Chanonry Castle was located in the town of Fortrose on Scotland's Black Isle. It was built around 1500 by John Fraser, Bishop of Ross. Following the Reformation, it came into the possession of the Mackenzies of Kintail, later Earls of Seaforth. The alternative name Seaforth Castle dates from this period. The castle was dismantled on the orders of Oliver Cromwell, who needed materials for a fort at Inverness.

Nothing of the castle now remains, except a stone in the gable of a house on Station Road. The stone bears a coat of arms and the initials CBS, for Countess Barbara of Seaforth, and is thought to have been scavenged from the ruins. Countess Barbara was the wife of George, 2nd Earl of Seaforth (d. 1651).

==16th century siege==

Mary, Queen of Scots, made a progress in the area in August 1564, and, according to Raphael Holinshed, she visited the Chanonry of Ross.

In 1569, during the Marian civil war between the deposed Queen Mary and James VI of Scotland, a feud arose between the Clan Mackenzie and Clan Munro, who were among the most powerful clans in Ross-shire. The trouble started when John Leslie, Bishop of Ross granted to his cousin Leslie, the Laird of Balquhair, the right and title to the castle at Chanonry together with the castle lands. Bishop Leslie had been secretary to Queen Mary and there was strong feeling against episcopacy in Scotland. He therefore felt it best to arrange for the church property of his bishopric to pass into his family's hands to preserve some of the important privileges that he enjoyed as bishop. Notwithstanding this grant, the Regent Moray (James Stewart, 1st Earl of Moray), acting in the name of the infant King James VI, gave the custody of the castle to Andrew Munro, 5th of Milntown.

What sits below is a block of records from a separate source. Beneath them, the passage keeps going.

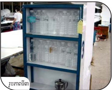
រូបភាពទី៣

អត្ថប្រយោជន៍: ✓ ជួយដល់កម្មករឱ្យមានថាមពលក្នុងអំឡុងពេលធ្វើការងារច្រើនម៉ោងក្នុងមួយថ្ងៃ ព្រមទាំងលើកស្ទួយផលិតភាព ✓ បន្ថយបន្ថយការហត់ឡើយ និងជំងឺការងារ ដូចជាការសន្លប់ ✓ ស្ថានភាពសុខភាពរបស់កម្មករដែលល្អប្រសើរឡើងនឹងឈានដល់ការកាត់បន្ថយភាពអវត្តមាន
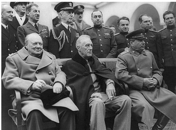
Эпохальные личности: Черчилль, Рузвельт, Сталин в Ялте

Этот совет через секретариат Сталина поступил к кинематографическому руководству, и мы отправились в киноэкспедицию по стране; видели грандиозные новостройки, «Ростсельмаш», создаваемый в степи совхоз «Гигант», многое повидали.
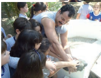
Alunos do 2º ano visitam o Retiro Humboldt e aprendem os cuidados que devem ter com a natureza.
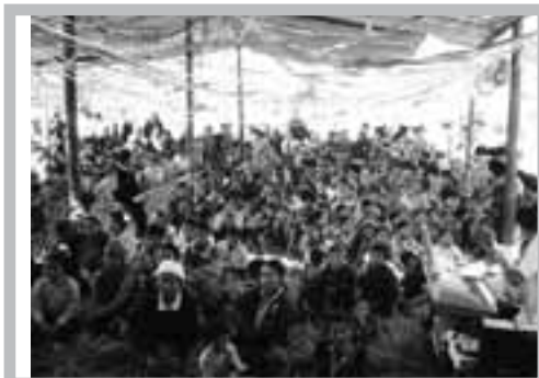
甘蒙山苗族教會同慶聖誕
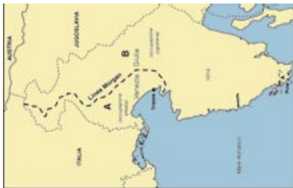
Il confine orientale e la divisione in zona A e zona B nel giugno 1945.
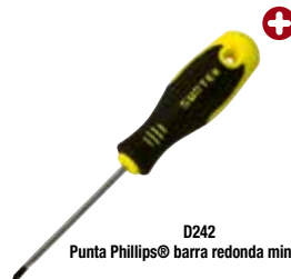
D242 Punta Phillips® barra redonda miniatura
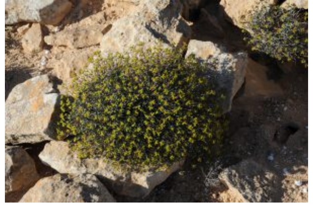
חלבוב רמון. בתמונה משמאל - מופע קיצי בשלכת להגדלה - לחצו על התמונות

שמו של חלבוב מגובשש בערבית הוא " חוליבה" או " גרוואה". באנגלי הוא מכונה Jerusalem Spurge .
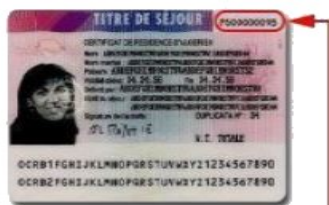
Sur le titre de séjour délivré de 2002 à 2011, il est ICI (sans la lettre)
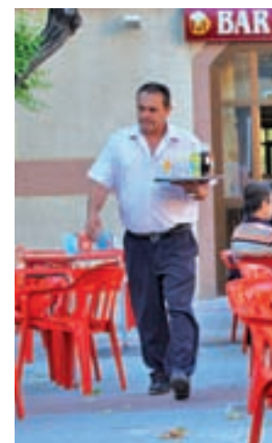
Aumentarán en Hostelería

En concreto, la compañía precisa que en esta campaña se superará por primera vez la barrera de los 400.000 contratos, lo que supone la cifra

Regent Moray, the illegitimate son of King James V of Scotland, promised Bishop Leslie that in return for ceding the castle and lands he would give him some of the lands of the barony of Fintry in Buchan. This scheme was interrupted when, in January 1570, James Stewart, Regent Moray was shot dead, preventing Andrew Munro of Milntown from obtaining the title to the castle and lands of Chanonry; but that did not deter Munro from occupying the castle.

The Mackenzies were not pleased to see their powerful neighbours, the Munros, in possession of this castle; and recognizing the inherent weakness in Munro's title, or lack of it, they purchased from Leslie the legal title and rights and proceeded to demand possession of their rightful property from Munro. However, Munro would not cede.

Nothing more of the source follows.